Not only is there a lot of cobalt in the rock, there’s a lot of it, these deposits are massive, spread out over hundreds of thousands of square kilometers.

So you have some of the largest (if not the largest) deposits of cobalt in the world and they have some of the highest concentrations of cobalt in the world. That makes mining in Congo attractive even though it is one of the most challenging and expensive places for miners to operate.

Anonymous 0 Comments

I am part of a team developing a cobalt mine in Idaho. Just happens that the economics work now where in the past they haven’t. In the congo labor and enviro regs add way less cost so the economics were more favorable for a long time, not much else to it

Anonymous 0 Comments

There is cobalt mining and refining in Canada, but precisely because of the problems listed it is extremely limited. And yes, it is colocated with the nickel deposits and extraction of northern (Sudbury) Ontario.

Anonymous 0 Comments

Congo has a lot of valuable minerals such as Cobalt and Coltan. These minerals are often sought for their useful properties. Minerals such as Coltan are useful for basically all electronics. Cobalt is used for electronics such as batteries. Some of these are called Blood Minerals because of how much those resources fuel ongoing conflicts. Think of it like how Wakanda sits on a giant supply of Vibranium because that’s basically what ideas of Wakanda were based on.

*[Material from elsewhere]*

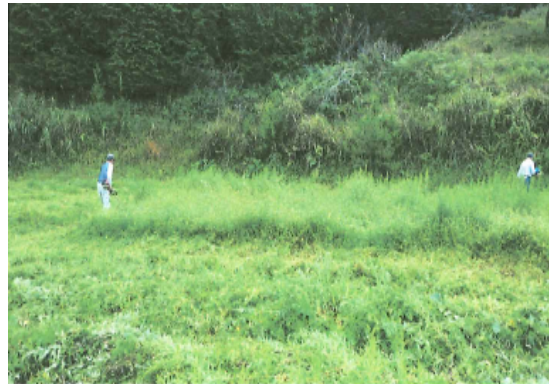
休耕田の維持管理

However, over the past few centuries, the entire world seems to agree to nothing else but finding ways to exploit the African continent for its wealth of resources while screwing over the local population. International powers in addition to local rivalries (sometimes encouraged by international powers) have sparked countless wars, enslavement, genocide, child labour, and other atrocities. Governments and industries there are often goaded into having less-than-safe work conditions for dangerous jobs at far lower wages than most of the developed world, even though those minerals exist elsewhere. This isn’t recent and there’s HUGE histories of Colonization that are also are a factor. In particular, I’d recommend reading what the King Leopold of Belgium did in Congo and asking yourself why we only learned about Hitler as a mass murderer in school and not this monster.

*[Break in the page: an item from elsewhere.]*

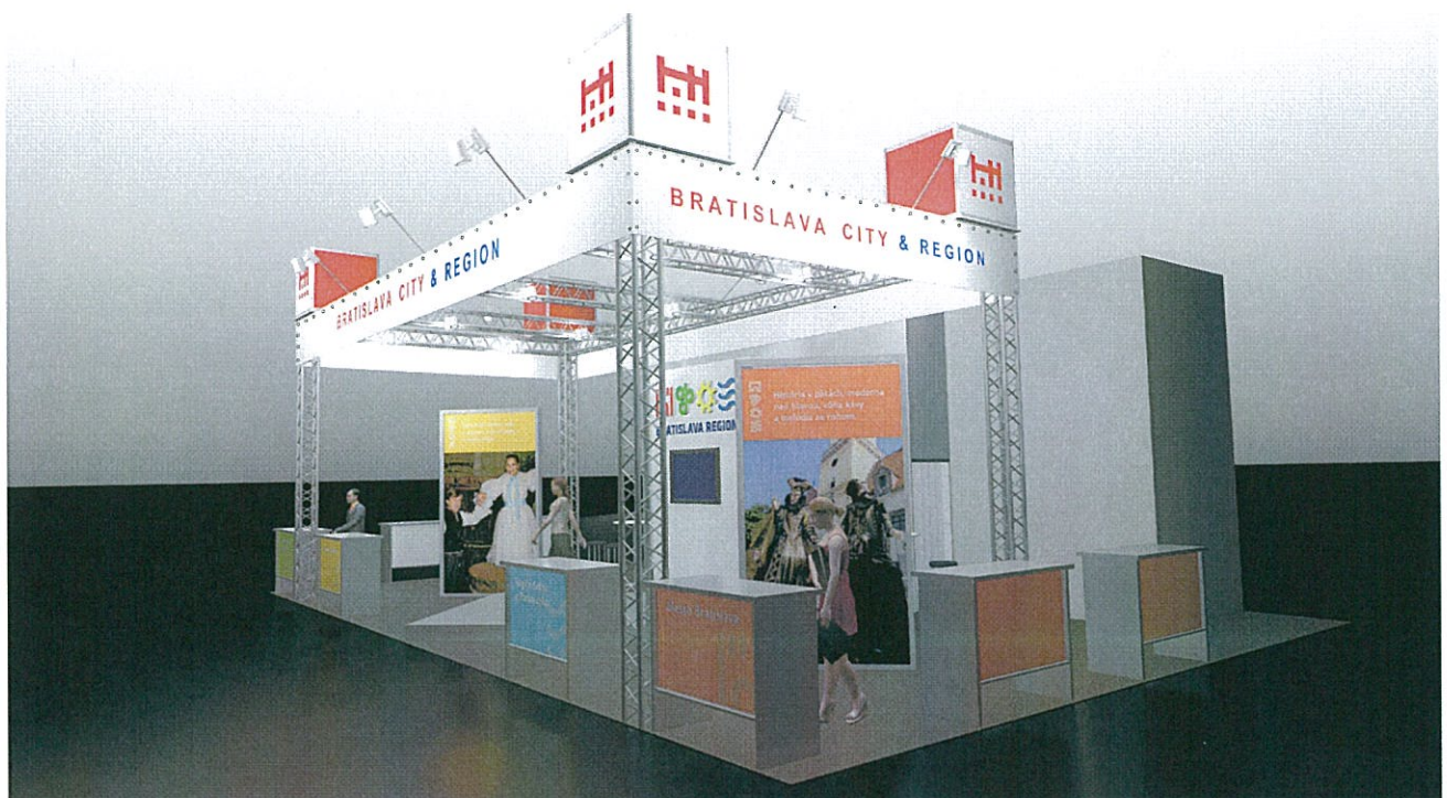
Grafika je ilustračná

Návrh expozície destinácie Bratislavský región na veľtrhu

All that history currently results in a very de-regulated mining market in Congo, which sits on a giant mound of valuable blood minerals that fuel wars and death, that international companies and powers can cheaply buy and exploit, especially electronics companies. As a result, they are all too happy to turn a blind eye to the human rights abuses and cruelty they fund for their newest products. We are not necessarily innocent in all this either. Chances are your computer, your phone, and any batteries and electronics you own has minerals in it that are a product of this exploitation. Not much we can do about it now of course, but it’s important to at least realize the history as to WHY these things happen and that it’s still happening; too much history for me to get into entirely on Reddit. Some countries have mines for cobalt and other blood minerals or are considering opening new mines for them, but they actually have standards and regulations, so they’re mostly ignored in favor of the cheap, blood soaked kind.

Tl;dr: Cobalt is available in many other places in the world, just not nearly as cheaply. The reason it’s mainly supplied from Congo is a complex web of historic colonization and exploitation that still persists in different forms.

Source: I learned about this several years ago through my work at a museum while researching Coltan and other metals and had to teach this to school children using Black Panther and Vibranium as a relatable reference.

Anonymous 0 Comments

Speaking as a geologist- cobalt is a product of nickel and copper mining. But not all copper deposits contain cobalt. They have to have formed a certain way. The Central African copper belt, in Zambia and the DRC is one of the largest copper provinces in the world that formed in the way to allow mineralization of cobalt too. Then add in the DRC’s lack of good regulations compared to Zambia and you get a country that exports cobalt. 14-40% of cobalt is artisanaly mined.

Anonymous 0 Comments

Why did you ask the same question twice?
Why did you ask the same question twice?